[Linux-cluster] VM Resource Failover

I have been trying to simulate a xen VM failover,  I have a 2 machine cluster and 2 vm’s running.  If I issue a “ xm destroy ID”  the vm will automatically reboot to the other node.  But if I reboot one of the clusters to simulate a machine failure the vm never boots back up until the other machine comes online.  So here are my questions…


1.       How do I get the cluster to boot the vm that has failed when one of the clustered machines are down?

2.       When I do a “xm destroy ID” the cluster always reboots the vm onto the other cluster machine, is there any way for me to have it boot back to the machine its supposed to be running on without having to do a manual migrate?   Can It auto-migrate back to its original machine over time?



Here is the out put of my clustat during a reboot of one of the clusters…

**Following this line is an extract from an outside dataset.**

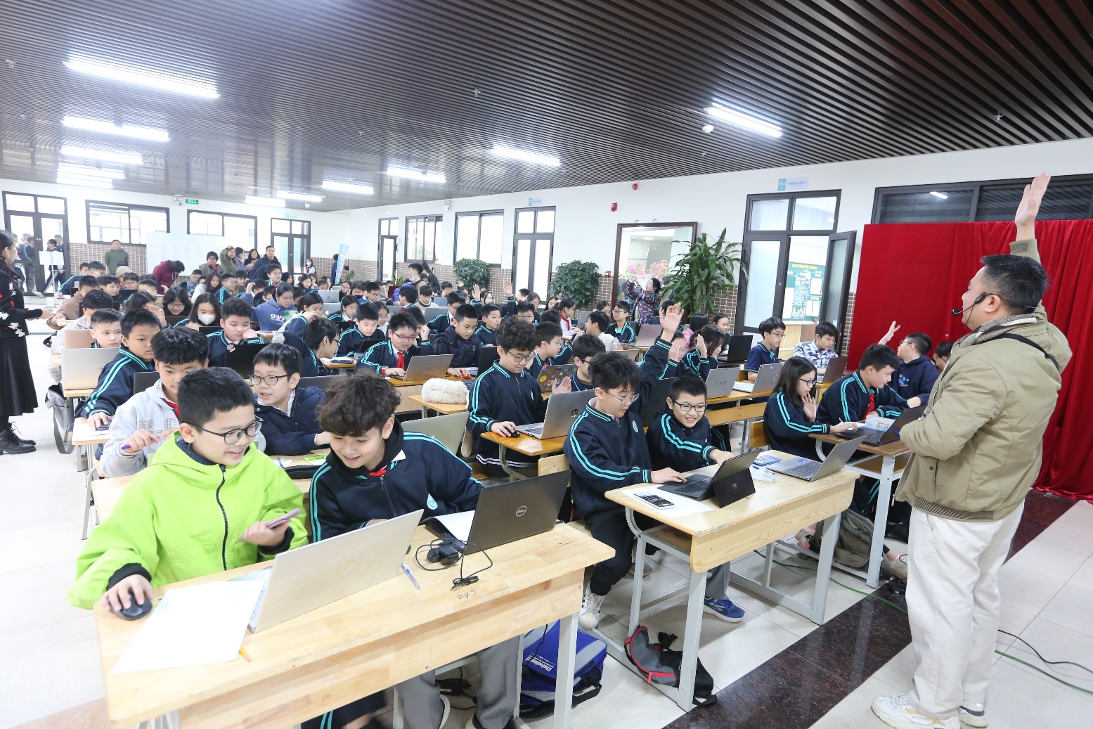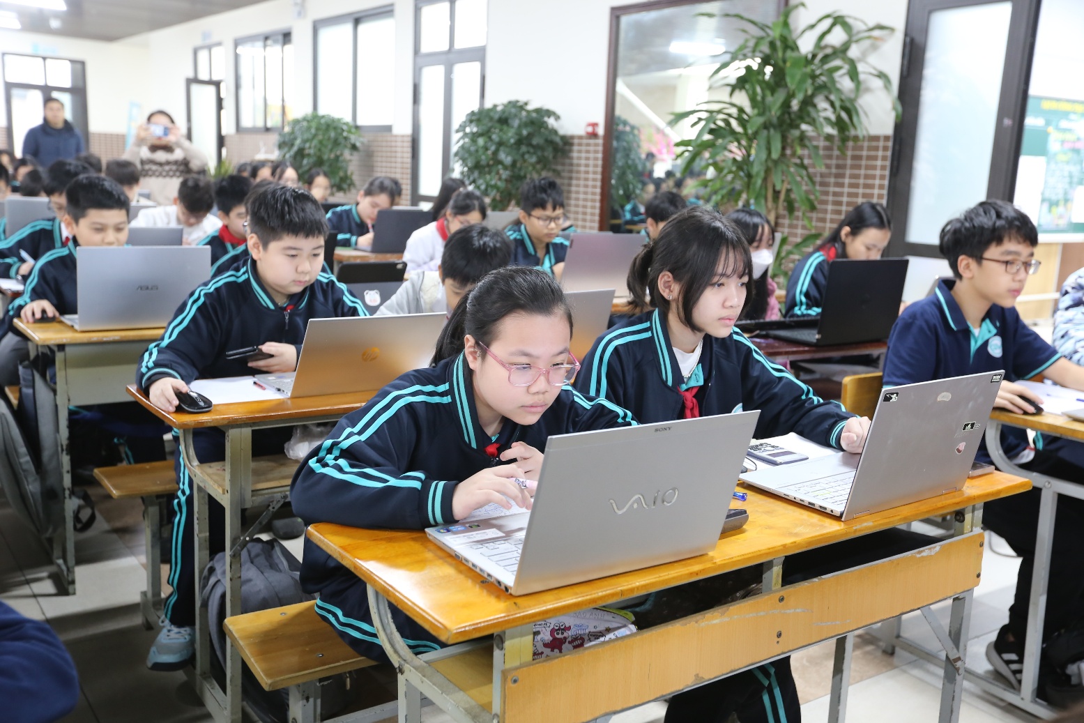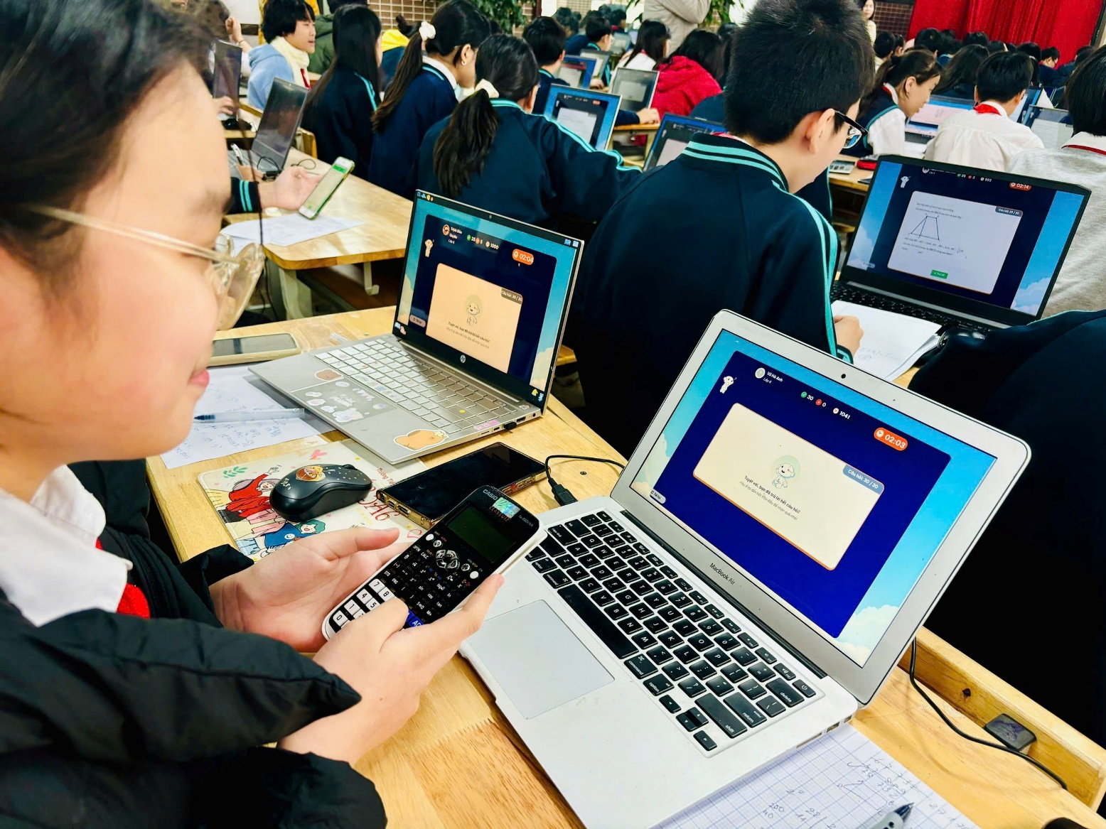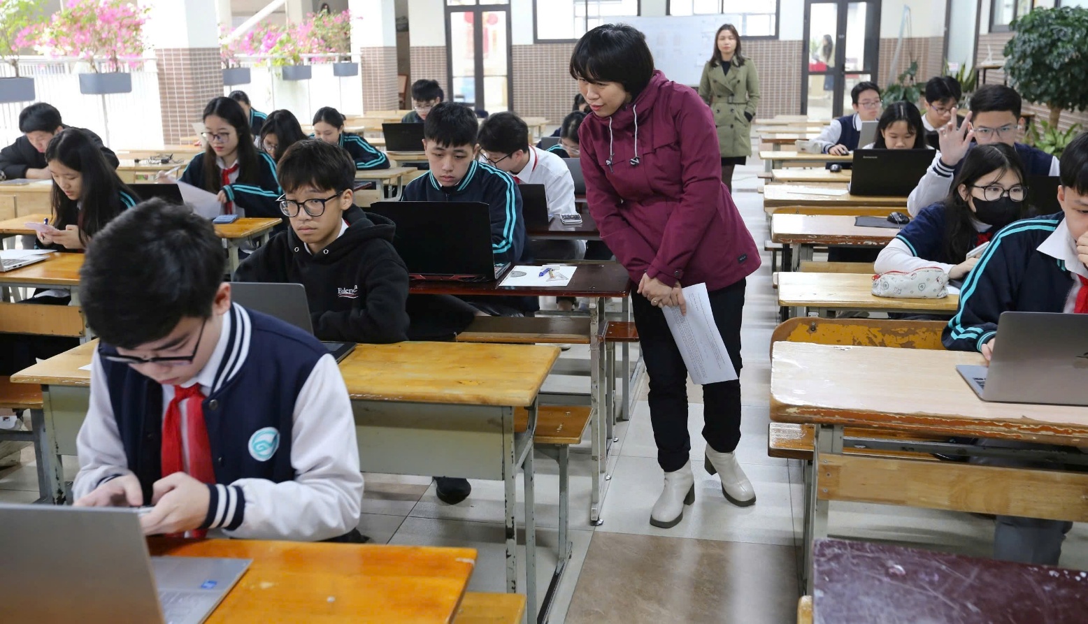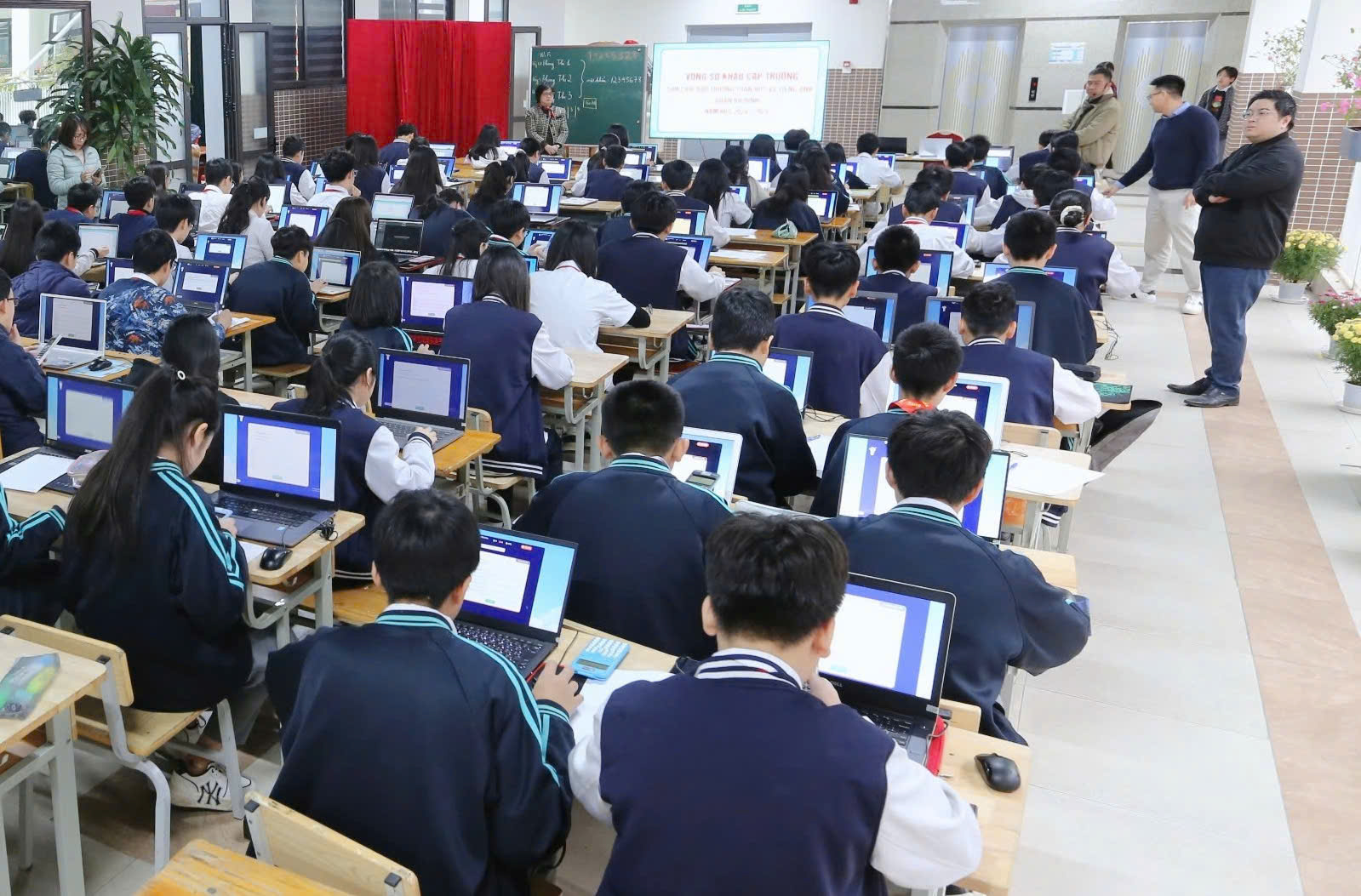 Các thí sinh nghiêm túc làm bài dưới sự giám sát chặt chẽ của ban tổ chức. Đồng thời, đội ngũ giáo viên và kỹ thuật viên túc trực sẵn sàng hỗ trợ học sinh khắc phục mọi sự cố, giúp buổi thi diễn ra thuận lợi.

Cluster Status for Xen @ Thu Aug 14 10:11:21 2008

Member Status: Quorate

 Member Name                             ID   Status

 ------ ----                             ---- ------

 xen1.smartechcorp.net                       1 Online, Local, rgmanager

 xen2.smartechcorp.net                       2 Offline

 Service Name                   Owner (Last)                   State        

 ------- ----                   ----- ------                   -----        

 vm:Linux1                      xen2.smartechcorp.net          stopping     

 vm:Windows1                    xen1.smartechcorp.net          started  


Here is my cluster.conf….


<?xml version="1.0"?>

<cluster alias="Xen" config_version="29" name="Xen">

        <fence_daemon clean_start="0" post_fail_delay="0" post_join_delay="-1"/>


                <clusternode name="xen1.smartechcorp.net" nodeid="1" votes="1">


                                <method name="1">

                                        <device name="manual" nodename="xen1.smartechcorp.net"/>




                <clusternode name="xen2.smartechcorp.net" nodeid="2" votes="1">


                                <method name="1">

                                        <device name="manual" nodename="xen2.smartechcorp.net"/>





        <cman expected_votes="1" two_node="1"/>


                <fencedevice agent="fence_manual" name="manual"/>




                        <failoverdomain name="bias-xen1" nofailback="0" ordered="1" restricted="0">

                                <failoverdomainnode name="xen1.smartechcorp.net" priority="1"/>

                                <failoverdomainnode name="xen2.smartechcorp.net" priority="2"/>


                        <failoverdomain name="bias-xen2" nofailback="0" ordered="1" restricted="0">

                                <failoverdomainnode name="xen1.smartechcorp.net" priority="2"/>

                                <failoverdomainnode name="xen2.smartechcorp.net" priority="1"/>




                <vm autostart="1" domain="bias-xen1" exclusive="0" migrate="live" name="Windows1" path="/var/lib/xen/images" recovery="relocate"/>

                <vm autostart="1" domain="bias-xen2" exclusive="0" migrate="live" name="Linux1" path="/var/lib/xen/images" recovery="relocate"/>



Thanks for any help, this is driving me crazy!